# Toronto Clustering

The Wikipedia table is almost in the format we would like it to be in. Nonetheless, I treated it as if it was not and formatted it anyway, in order to demonstrate my solution for how it could be done.

First we have to import pandas and download the table from the Wikipedia entry.

In [119]:
import pandas as pd

url = "https://en.wikipedia.org/wiki/List_of_postal_codes_of_Canada:_M"
df = pd.read_html(url)[0]

We do not want any entries where "Borough" is "Not assigned".

In [120]:
df = df[df["Borough"]!="Not assigned"]

If "Neighbourhood" is "Not assigned", we want to replace it with the value in "Borough".

In [121]:
df["Neighbourhood"] = df.apply(lambda x: x["Borough"] 
                               if x["Neighbourhood"] == "Not assigned" 
                               else x["Neighbourhood"], axis=1)

We want to concatenate the "Neighbourhood" cells for which the "Postal Code"s are the same into a single row, where their strings get separated by comas.

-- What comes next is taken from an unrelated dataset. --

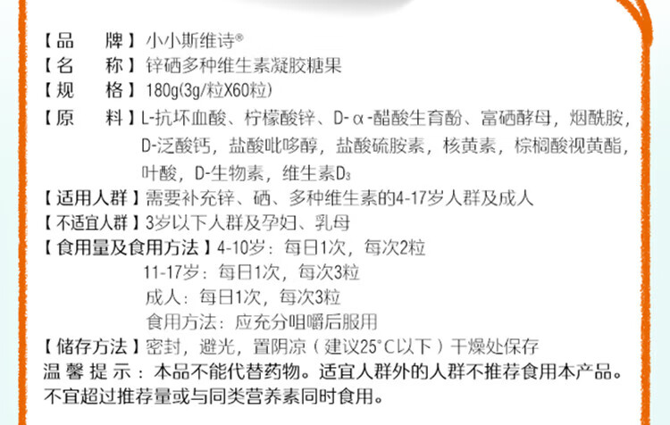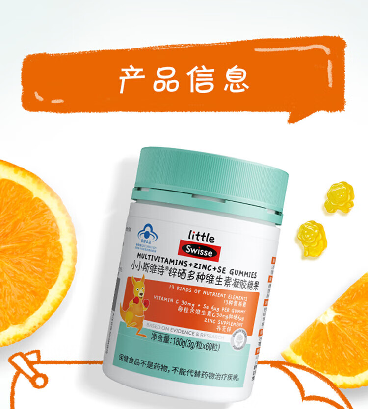 Swisse小小斯维诗锌硒多种维生素凝胶糖果60粒装

Finally, we show the first eleven rows of our dataframe.

In [122]:
replace = dict((key,"") for key in df[df.duplicated(subset="Postal Code",keep=False)]["Postal Code"].unique())

for index, row in df.iterrows():
    if row["Postal Code"] in replace.keys():
        if replace[row["Postal Code"]] == "":
            replace[row["Postal Code"]] += row["Neighbourhood"]
        else:
            replace[row["Postal Code"]] += (", "+row["Neighbourhood"])

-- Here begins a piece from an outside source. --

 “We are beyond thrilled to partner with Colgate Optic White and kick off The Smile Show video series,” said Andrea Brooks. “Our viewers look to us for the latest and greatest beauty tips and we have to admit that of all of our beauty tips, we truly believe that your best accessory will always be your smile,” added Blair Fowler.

df["Neighbourhood"] = df.apply(lambda x: replace[x["Postal Code"]]
                               if x["Postal Code"] in replace.keys() 
                               else x["Neighbourhood"], axis=1)

df.drop_duplicates(subset="Postal Code",keep="first",inplace=True)
df = df.reset_index(drop=True)
df.head(11)

Unnamed: 0,Postal Code,Borough,Neighbourhood
0,M3A,North York,Parkwoods
1,M4A,North York,Victoria Village
2,M5A,Downtown Toronto,"Regent Park, Harbourfront"
3,M6A,North York,"Lawrence Manor, Lawrence Heights"
4,M7A,Downtown Toronto,"Queen's Park, Ontario Provincial Government"
5,M9A,Etobicoke,"Islington Avenue, Humber Valley Village"
6,M1B,Scarborough,"Malvern, Rouge"
7,M3B,North York,Don Mills
8,M4B,East York,"Parkview Hill, Woodbine Gardens"
9,M5B,Downtown Toronto,"Garden District, Ryerson"


The last step is to print out the shape of our table.

In [123]:
df.shape

(103, 3)

Here I used the code snippet shown in the exercise, but changed the provider in order to get longitude and the latitude.

In [114]:
import geocoder # import geocoder

latitude = []
longitude = []

for i in range(0,df.shape[0]):
    # initialize your variable to None
    lat_lng_coords = None

    postal_code = df.iloc[i]["Postal Code"]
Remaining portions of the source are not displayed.